For years, Benin’s private health sector was a bit of a black hole. While use of 752 private health facilities (PHFs) has increased in recent years, data about the services they delivered went largely unreported to the Ministry of Health (MOH). That created challenges. The absence of data hampered MOH assessments of comprehensive health data trends. And that created barriers to informed decisions and implementation of needed systemic changes.

Aggravating matters, the data collection tools didn’t accommodate some reproductive, maternal, neonatal, and child health (RMNCH) indicators. So, the information couldn’t show up on the dashboard for DHIS2, a software platform more than 75 countries use to collect, report, analyze, and disseminate data.

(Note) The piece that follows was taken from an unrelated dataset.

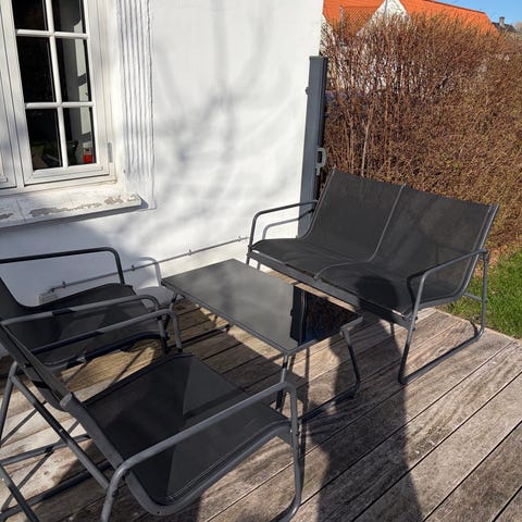 Der medfølger desuden to matchende solvogne/liggestole i grå med metalstel og tekstilnet i liggefladen. Solvognene har let buede armlæn og kan anvendes til afslapning og solbadning udendørs.
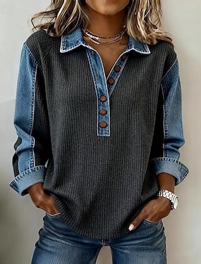 Per donna Tunica Vintage Elegante Manica Lunga Top Regolari Nero Grigio scuro Estate Primavera

Then in 2018, the USAID-funded Private Sector Health Partnership Activity (PSHPA) stepped in. The project trained private providers on how to fill in National Health Management and Information System (NHMIS) tools, which feed data into DHIS2. PSHPA also conducted quarterly DHIS2 data quality control audits to help integrate and validate private sector data.

This collaborative effort involved close coordination with and training of health zone data managers, who report directly to the director for health statistics in the MOH Department of Programming and Foresight. These measures ensured a unified approach and regular reviews of the data that the private sector collected. When the MOH combined the data with public sector data, it had a comprehensive view of the healthcare landscape and could make more informed, evidence-based decisions.

Over the course of the project, which ended in 2023, PSHPA procured and distributed 4,000 health data registers to PHFs in all regions of Benin and helped increase the completeness of PHF data from 15% to over 100% of the target. PSHPA supported the NHMIS’s revision of RMNCH data collection and development of the DHIS2 RMNCH Dashboard. It also provided three servers to help ensure MOH intranet connectivity to facilitate data storage and the ability to conduct training without internet.

Since 2020, the Minonkpo Clinic in Avotrou has embraced these changes, recording consistent, complete, and timely data directly into DHIS2. All thanks to PSHPA. The project “is a valuable partner,” says Agbobli Rebecca, a state midwife at the Minonkpo Clinic in Cotonou. She notes that PSHPA not only improved data quality but also   implemented emergency neonatal obstetric care protocols. The project’s impact thus is not just better data for decision-making. It also helps save newborns’ lives.